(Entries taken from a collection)
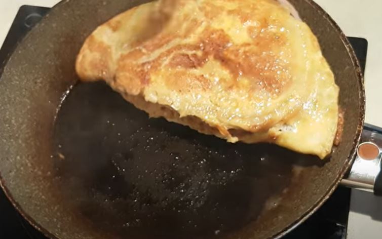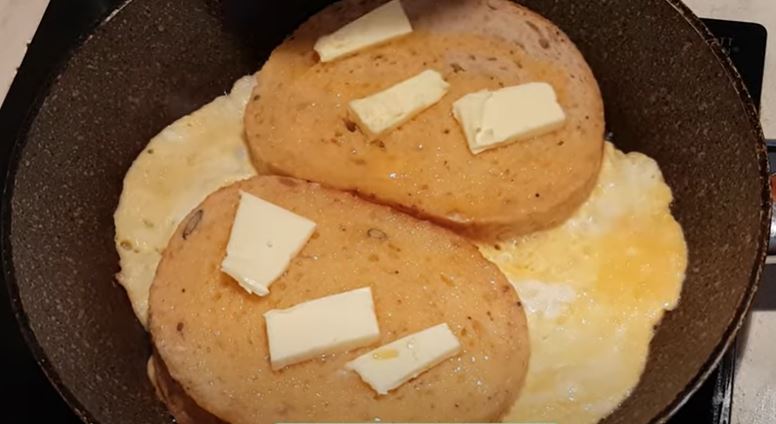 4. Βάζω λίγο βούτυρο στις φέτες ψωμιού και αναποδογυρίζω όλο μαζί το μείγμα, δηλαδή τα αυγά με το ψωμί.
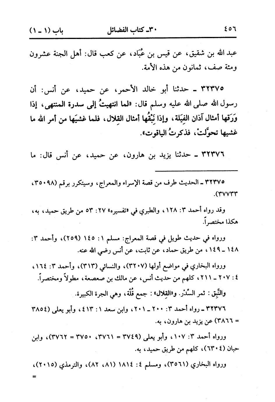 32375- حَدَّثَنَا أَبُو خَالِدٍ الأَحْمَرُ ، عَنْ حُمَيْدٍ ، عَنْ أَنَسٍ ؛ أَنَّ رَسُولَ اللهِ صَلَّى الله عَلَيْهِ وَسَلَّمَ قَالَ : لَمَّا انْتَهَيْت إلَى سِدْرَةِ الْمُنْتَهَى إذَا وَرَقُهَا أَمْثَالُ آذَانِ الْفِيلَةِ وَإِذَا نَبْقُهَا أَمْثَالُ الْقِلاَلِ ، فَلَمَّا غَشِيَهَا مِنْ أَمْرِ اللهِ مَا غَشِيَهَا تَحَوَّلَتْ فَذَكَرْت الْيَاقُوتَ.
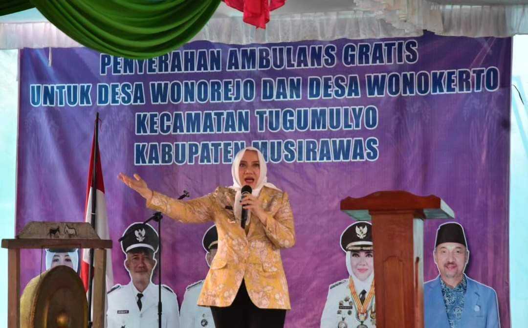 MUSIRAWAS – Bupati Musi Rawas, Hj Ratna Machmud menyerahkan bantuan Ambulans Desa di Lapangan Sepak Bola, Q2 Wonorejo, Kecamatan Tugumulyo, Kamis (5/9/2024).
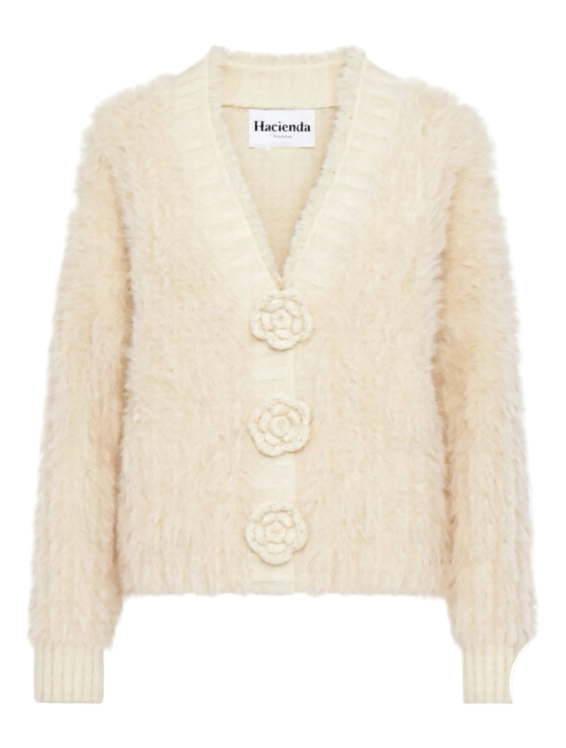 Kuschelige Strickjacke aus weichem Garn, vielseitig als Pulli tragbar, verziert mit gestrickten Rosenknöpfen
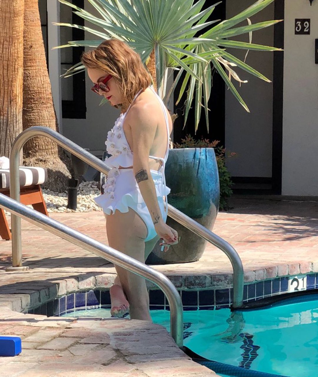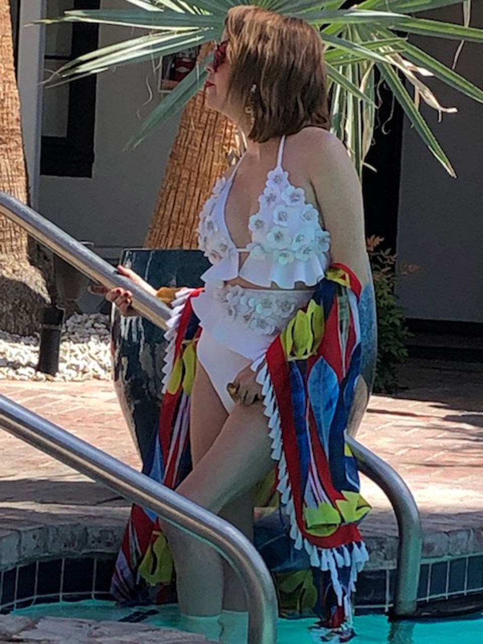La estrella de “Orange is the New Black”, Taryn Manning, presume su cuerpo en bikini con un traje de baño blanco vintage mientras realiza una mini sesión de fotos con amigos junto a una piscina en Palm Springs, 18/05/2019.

Exercise description >> Exact copy required, pictures excluded: the lines from the one holding "32375- حَدَّثَنَا أَبُو" through the last line of the data, both ends included.

Answer to the exercise >>
 32375- حَدَّثَنَا أَبُو خَالِدٍ الأَحْمَرُ ، عَنْ حُمَيْدٍ ، عَنْ أَنَسٍ ؛ أَنَّ رَسُولَ اللهِ صَلَّى الله عَلَيْهِ وَسَلَّمَ قَالَ : لَمَّا انْتَهَيْت إلَى سِدْرَةِ الْمُنْتَهَى إذَا وَرَقُهَا أَمْثَالُ آذَانِ الْفِيلَةِ وَإِذَا نَبْقُهَا أَمْثَالُ الْقِلاَلِ ، فَلَمَّا غَشِيَهَا مِنْ أَمْرِ اللهِ مَا غَشِيَهَا تَحَوَّلَتْ فَذَكَرْت الْيَاقُوتَ.
 MUSIRAWAS – Bupati Musi Rawas, Hj Ratna Machmud menyerahkan bantuan Ambulans Desa di Lapangan Sepak Bola, Q2 Wonorejo, Kecamatan Tugumulyo, Kamis (5/9/2024).
 Kuschelige Strickjacke aus weichem Garn, vielseitig als Pulli tragbar, verziert mit gestrickten Rosenknöpfen
La estrella de “Orange is the New Black”, Taryn Manning, presume su cuerpo en bikini con un traje de baño blanco vintage mientras realiza una mini sesión de fotos con amigos junto a una piscina en Palm Springs, 18/05/2019.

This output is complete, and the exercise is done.